+++ DATA FOR REVIEW
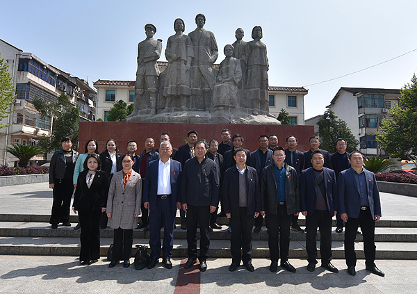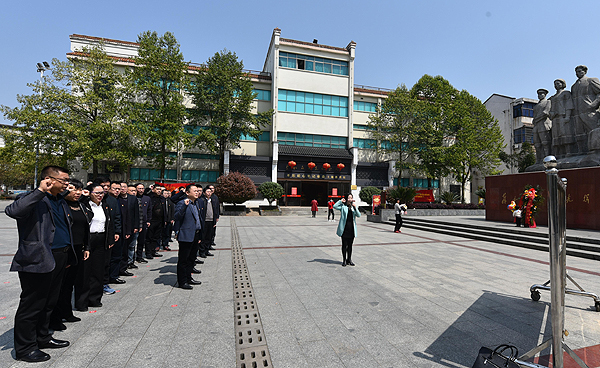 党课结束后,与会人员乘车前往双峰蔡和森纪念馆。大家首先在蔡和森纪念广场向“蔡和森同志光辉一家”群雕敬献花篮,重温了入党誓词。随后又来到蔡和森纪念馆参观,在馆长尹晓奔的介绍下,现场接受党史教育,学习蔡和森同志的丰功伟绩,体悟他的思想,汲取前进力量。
++++++
+++ DATA FOR REVIEW
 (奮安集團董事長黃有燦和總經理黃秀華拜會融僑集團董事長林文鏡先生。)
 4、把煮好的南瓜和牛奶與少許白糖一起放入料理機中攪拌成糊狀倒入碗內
++++++
+++ DATA FOR REVIEW
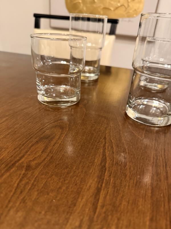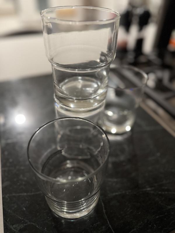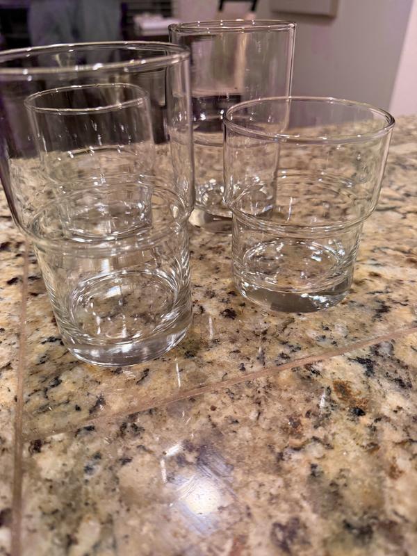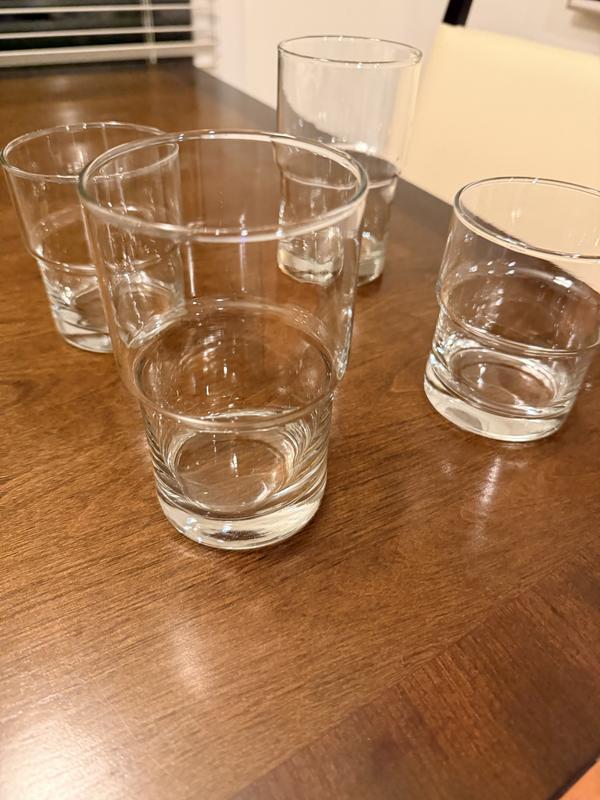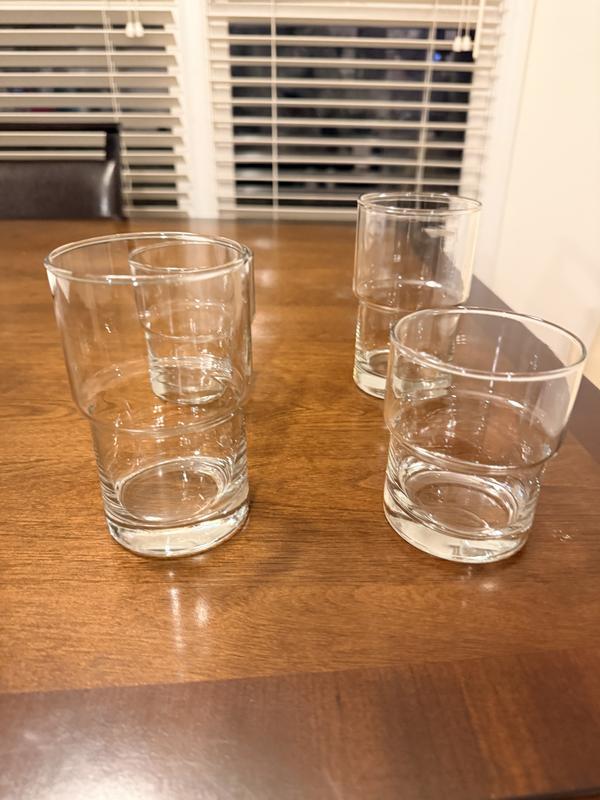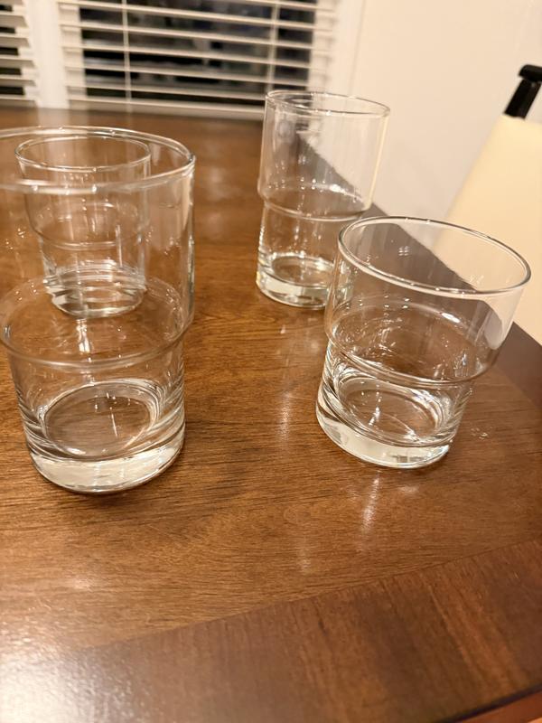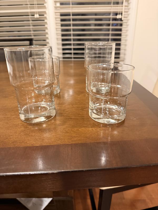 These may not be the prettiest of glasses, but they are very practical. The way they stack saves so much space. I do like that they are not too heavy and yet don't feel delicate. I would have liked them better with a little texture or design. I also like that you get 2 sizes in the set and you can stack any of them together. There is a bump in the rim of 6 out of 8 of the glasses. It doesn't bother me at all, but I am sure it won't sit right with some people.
++++++
**EXERCISE DIRECTIONS:** Wherever the line holding "(奮安集團董事長黃有燦和總經理黃秀華拜會融僑集團董事長林文鏡先生。)" falls in the entries above, copy exactly from it through the line holding "4、把煮好的南瓜和牛奶與少許白糖一起放入料理機中攪拌成糊狀倒入碗內", inclusive, and add nothing.

**ANSWER SECTION:**
 (奮安集團董事長黃有燦和總經理黃秀華拜會融僑集團董事長林文鏡先生。)
 4、把煮好的南瓜和牛奶與少許白糖一起放入料理機中攪拌成糊狀倒入碗內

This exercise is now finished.